Ayette söz konusu olan hüküm, rahminde başkasının çocuğunu taşıyan bir kadının yapacağı yeni evliliğiyle ilgilidir. Neslin karışmaması için bu tedbir alınmıştır. Cinsel ilişkiyle doğrudan bir alakası yoktur. Çünkü, hamile bir kadının bekleme süresi olan hamilelik durumu devam ettiği sürece, hiç kimse onunla nişanlanamaz, onunla nikah kıyamaz, onunla evlenemez. Ayette bu hüküm ortaya konuyor.
Genellikle lohusalık süresi bitikten sonra, hemen bir evlilik hazırlığına başlansa bile bu günlerce, haftalarca, belki aylarca sürer. Tarihte bebeğini doğurduğundan hemen sonra evlenmiş bir olaya pek rastlanmaz. Günümüzde de öyledir.

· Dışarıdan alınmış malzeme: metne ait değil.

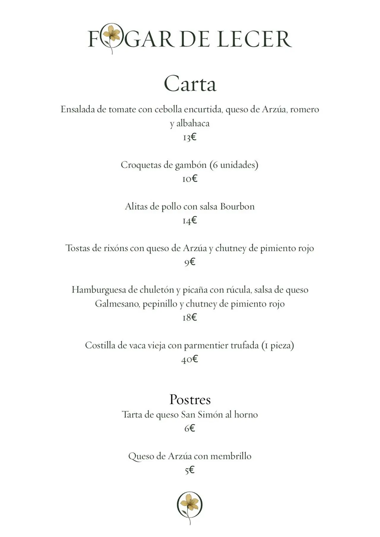 Desde noviembre de 2025, contamos con licencia de hostelería para ofrecer servicio de restaurante también a personas no alojadas (solo bajo reserva). Les adjunto nuestra carta, que ofrece cocina gallega con producto local y alma gourmet. Además de la carta actual, ofrecemos siempre platos fuera de carta y de temporada. Para grupos o comidas especiales, preparamos menús cerrados y personalizados, así como menús de Navidad y celebraciones adaptados a los gustos y presupuestos de cada grupo.
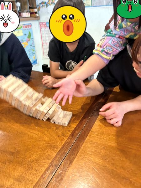 普段にはない珍しい組み合わせでジェンガが始まって楽しむことができました。
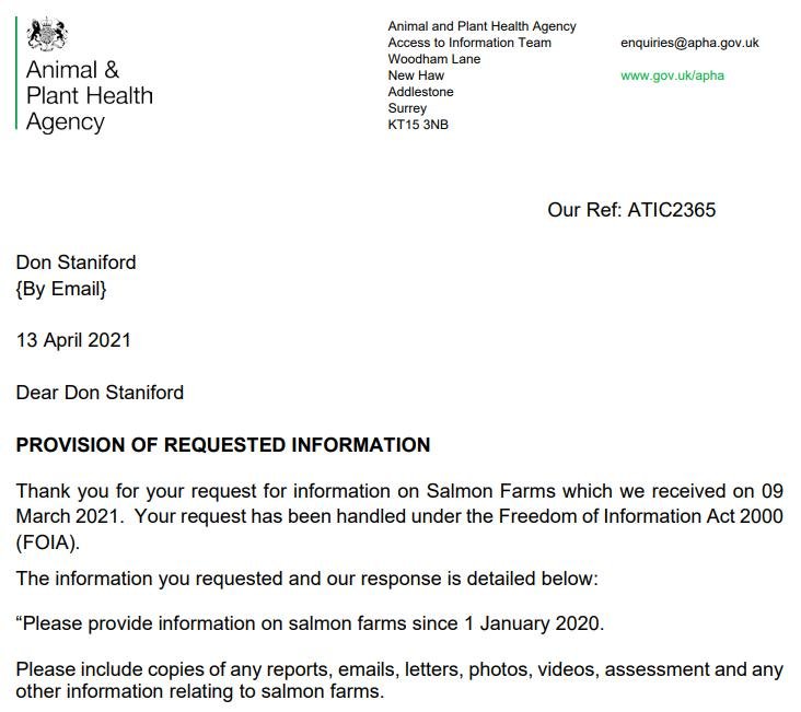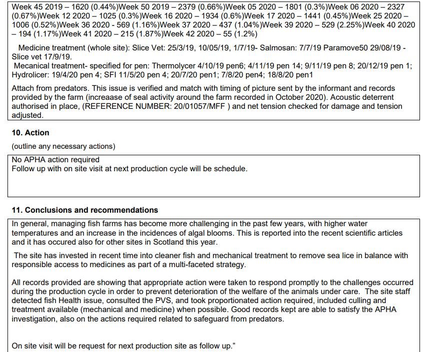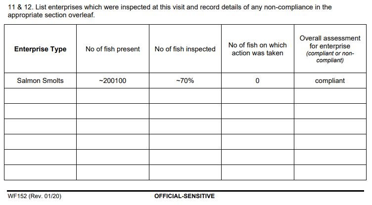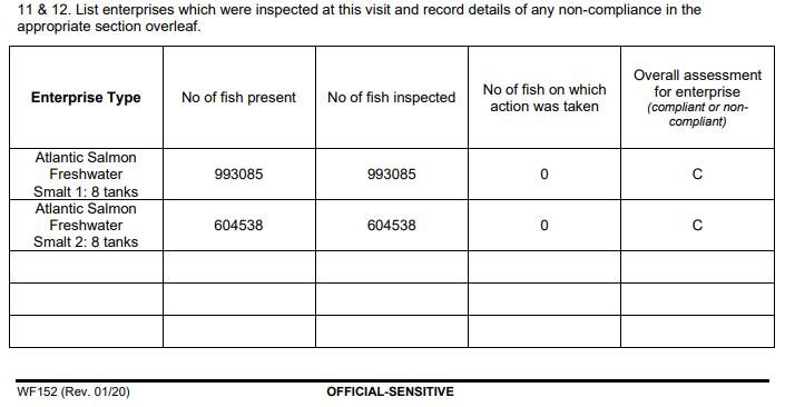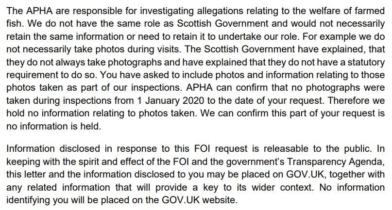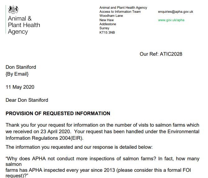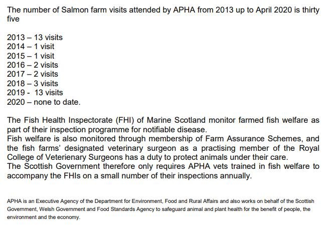 A FOI reply from APHA dated 20 November 2020 even claimed that "APHA have carried out no inspections" of salmon farms since 1 May 2020.

Doğumdan hemen sonra nikah olsa bile, lohusalık döneminde cinsel ilişki zaten haramdır:
"Sana hayızlı ile cinsel ilişkiyi soruyorlar. De ki, bu (her iki tarafâ da) eziyet verici bir şeydîr. Onlar âdetli iken onlardan ayrılın ve temizleninceye kadar onlara yaklaşmayın. Iyice temizlendiklerinde Allah'ın size emrettiği yerden onlara gidin. Allah çok tevbe edenleri ve tertemiz olanları sever." (Bakara, 2/222)
İslam âlimleri arasında lohusalık döneminin azamî süresi ile ilgili iki temel görüş vardır: Hanefî ve Hanbelilere göre, bu sürenin azami miktarı, 40 gündür. Malikî ve Şafiilere göre ise, 60 gündür. Bu ihtilaf da gösteriyor ki, bu sürenin tespiti tecrübeye dayalı olarak değerlendirilmiştir. (bk. Zuhaylî, el-Fıkhu’l-İslamî, 1/467)

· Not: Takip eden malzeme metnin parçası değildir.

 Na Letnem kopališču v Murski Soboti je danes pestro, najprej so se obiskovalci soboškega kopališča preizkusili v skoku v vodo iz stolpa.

Tıp da tecrübî bir ilimdir. Aktaracağı bilgiler de tecrübeye dayalıdır. İslam’ın kabul ettiği lohusalık süresinin yukarıda arz edilen şekliyle sona erdikten sonra bunun tıbbî açıdan bir sakıncasının olduğunu söylemek mümkün değildir. Pratik hayattaki milyonlarca insanın tecrübesi de bu yöndedir.